12 December 2011

Christmas in Brazil

No matter how long I live in Brazil I will never get used to Christmas in the summertime. I have such a hard time wrapping my head around it. How on earth can you dream of a white Christmas when the closest snow is nine flight hours away? How can you roast chestnuts by an open fire without the roaring fireplace? Sleigh bells ring? Really? What's a sleigh? And how can all the Santas put on those heavy wool outfits, with the beards and the hats and the heavy bags of presents, and go about their business as if the temperature/humidity index isn't 104 F (40 C)?

But as summer approaches, so does Christmas, so I'd just better get with the program. Christmas is still essentially Christmas, no matter what the thermometer says. One thing, though, the preparations start a little earlier here than I'm used to. There being no Thanksgiving in Brazil, Christmas doesn't have to wait its turn before hanging its decorations. Nativity scenes, Santas, reindeer and candy canes have been sprouting up in the public spaces since the start of November. The print ads and TV commercials for special Christmas travel packages have been going full blast for months now. The local supermarkets are quite suddenly chock-a-block with dried fruits and panettones. And there's certainly the same sense of frenzied, panicked Christmas shopping — Will I buy everything in time? — that one gets anywhere in the world.
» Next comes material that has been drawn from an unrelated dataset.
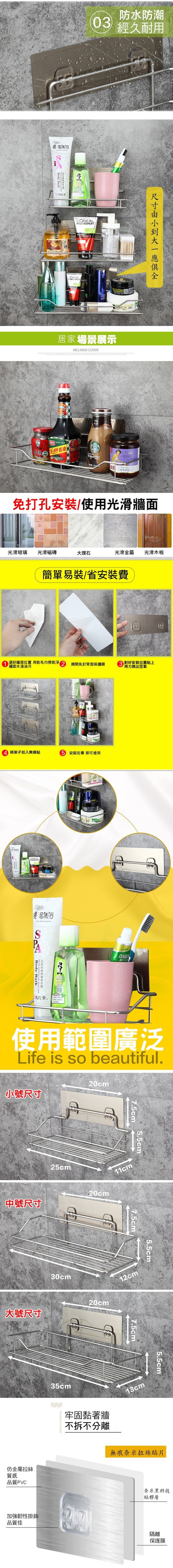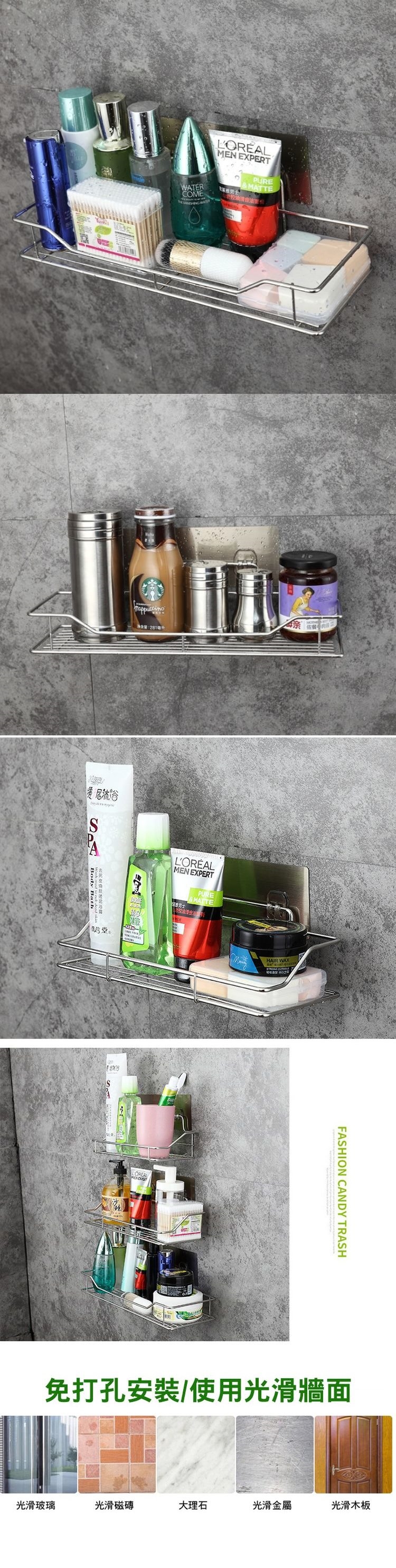 免打孔不銹鋼多用置物架,優質不鏽鋼材質,防水防潮,護欄設計,東西擺放安全,不易掉落,採用強力無痕貼,免釘鑽牆面,安裝簡易牢固,拆除不留痕,且承重力佳!廚房、衛浴空間皆適用,將瓶瓶罐罐收納整齊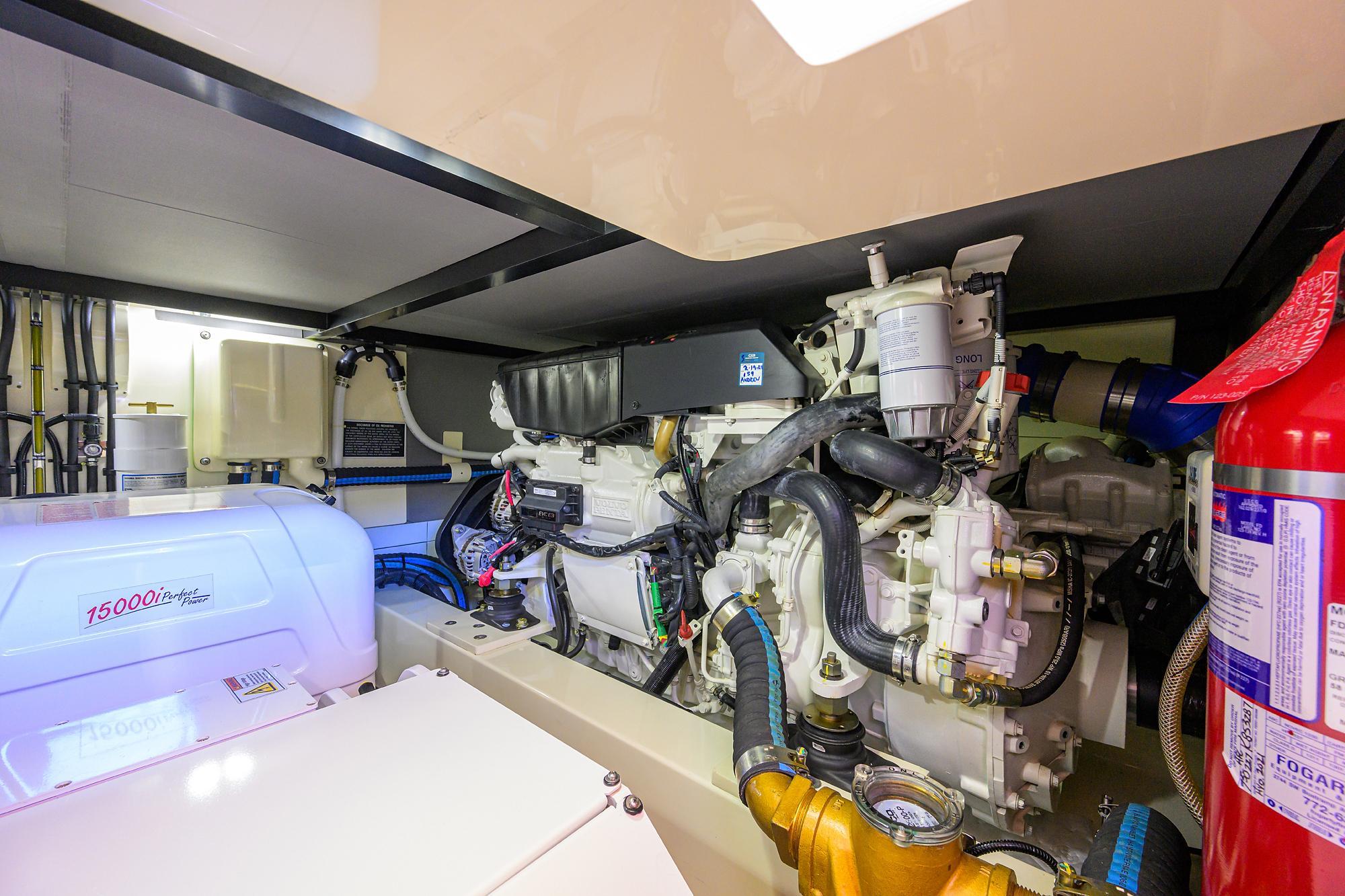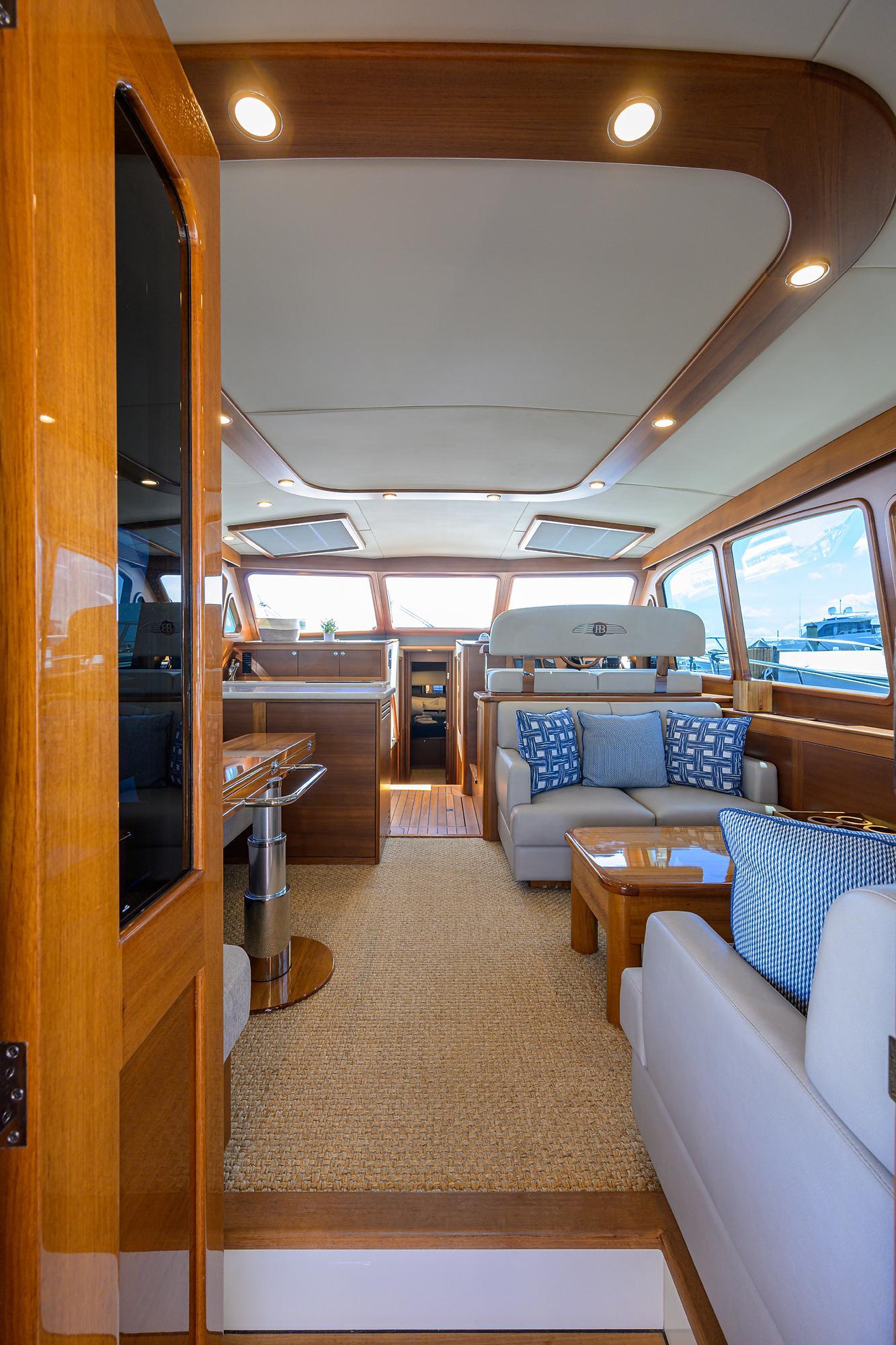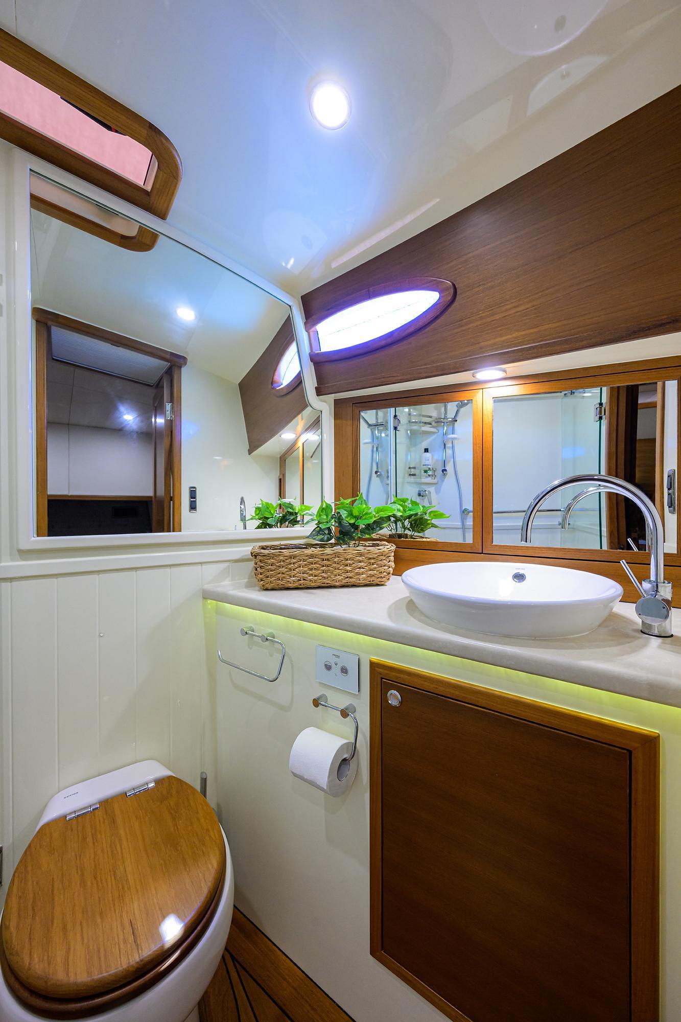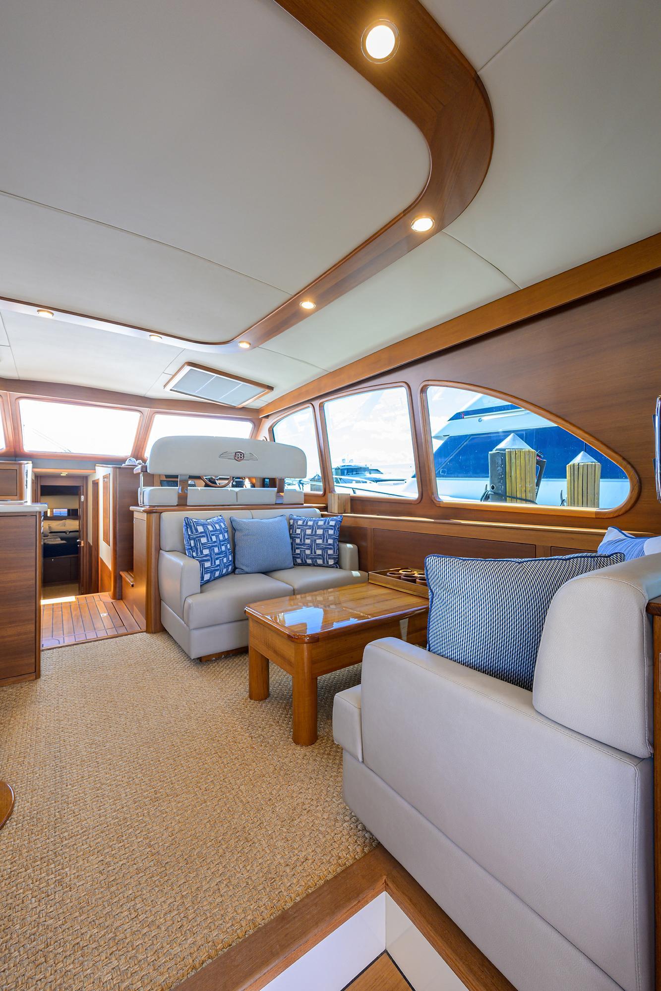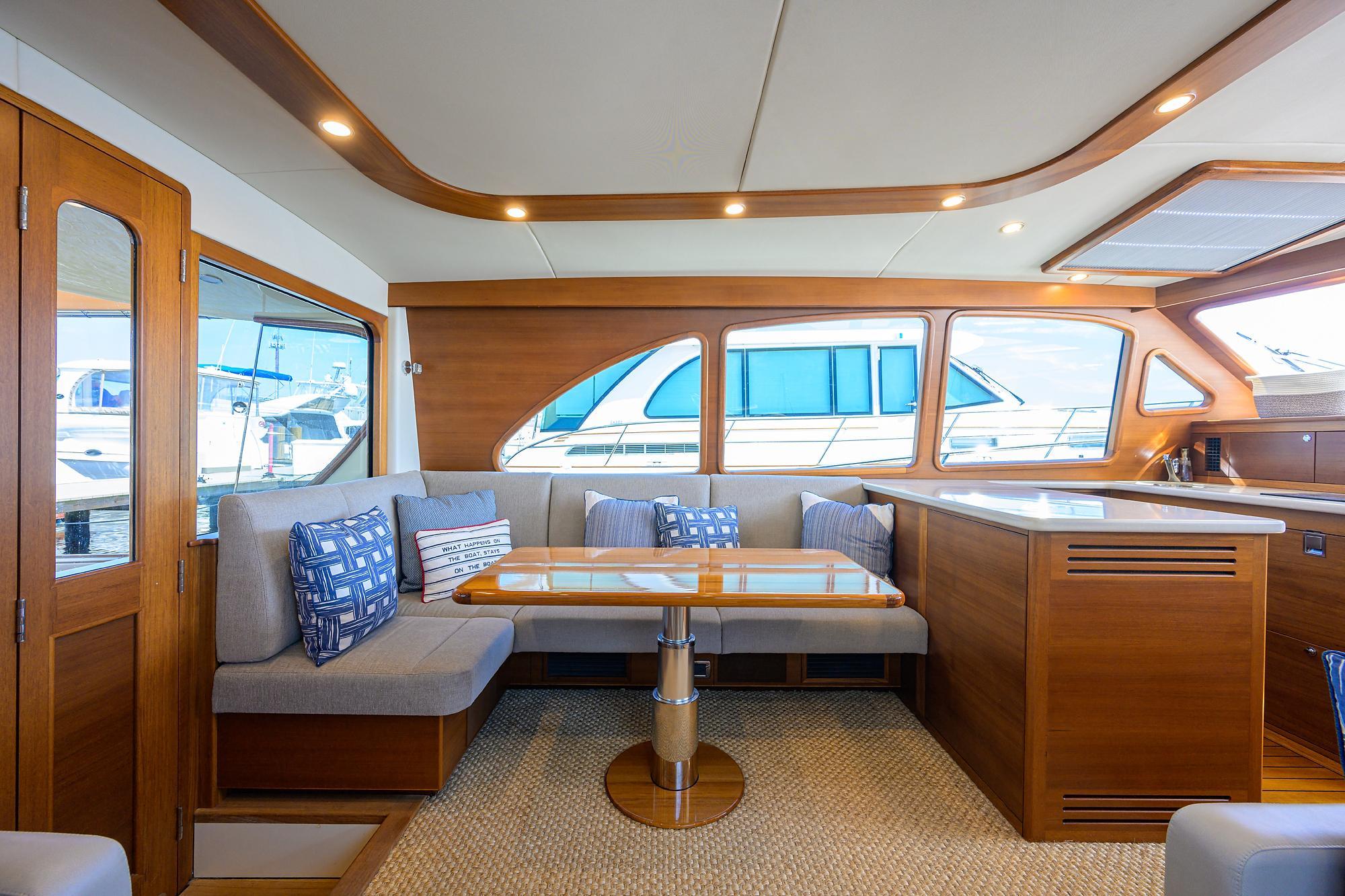 This PB55 offers three beautifully appointed staterooms, making her ideal for family cruising or hosting guests. The master stateroom is a private retreat with a queen island berth, ample storage, and a luxurious en suite head. A set of twin bunks that convert into a queen berth in the VIP and twin bunks in the guest cabin provide comfortable accommodations for six.

No chimneys here. Santa arrives via kitesurf.
Of the three big holidays looming on the horizon, in Brazil Christmas is always spent with family. (New Year's Eve can be spent either with friends or with that one special person, and Carnaval — well, for Carnaval you're on your own.) Over the years, Mark and I have felt privileged to be included in several Christmas Eve family dinners, called ceias. A Christmas ceia is generally served at midnight (or a little earlier, if you've invited some foreigners...) unless the family is attending the missa do galo, or the midnight "rooster's" mass, called that because the rooster's crowing heralds the coming of Christmas Day. If the family goes to the missa do galo, then the ceia is served around 1:00 am.  Children get served first so that they can go to bed. Depending on the family's customs, gifts are handed out either after the ceia or after mass. Some families also attend late afternoon mass on Christmas Day, so that they can spend Christmas morning at the beach. 

The Christmas ceia is plentiful and varied, and looks an awful lot like our Thanksgiving. They serve turkey, chicken, ham and/or pork loin, but they also serve something called a chester. I'm really not sure what a chester is, but I've eaten it, I've served it, and it's tasty. It's not like the American turducken, but it's in that when-it-was-alive-it-sure-didn't-look-like-this category. There are also varieties of vegetables, colored rice and lots of salads. Dried fruit & nuts show up before and during the meal, and again in desserts. By the way, a meal of this size, served so late, is unusual in the hot summer, but hey — it's Christmas. 

To my slight disappointment, there's absolutely no tradition of Christmas songs in Brazil. The few songs that play at this time of year in the stores and restaurants are imported. Every year I find myself longing to join a group of carollers and stroll around singing in perfect, tight harmony. I don't know why, because I've only done it once in my life — in Hoboken, New Jersey, and it wasn't easy singing with frozen lips — but I keep getting the urge anyway. I can sense it coming on this year, too. Any takers?


  1. It must be as weird to you as it was to us spending Birthdays (mine an Paulo's) and Christmas in winter clothes. When could I give Paulo a nice GAP winter coat for his birthday? Or could I get a felt beret, also GAP, for mine? Only when we spent some wonderful time living in the northern hemisphere.

    Barbara, I really enjoy reading your posts :)

  2. A chester is a type of genetically selected 'super-chicken.' For more information, see:


    And by the way, Barbara, thank you so much for posting this Blog. I spent a delightful afternoon reading it. I will certainly be coming back for more.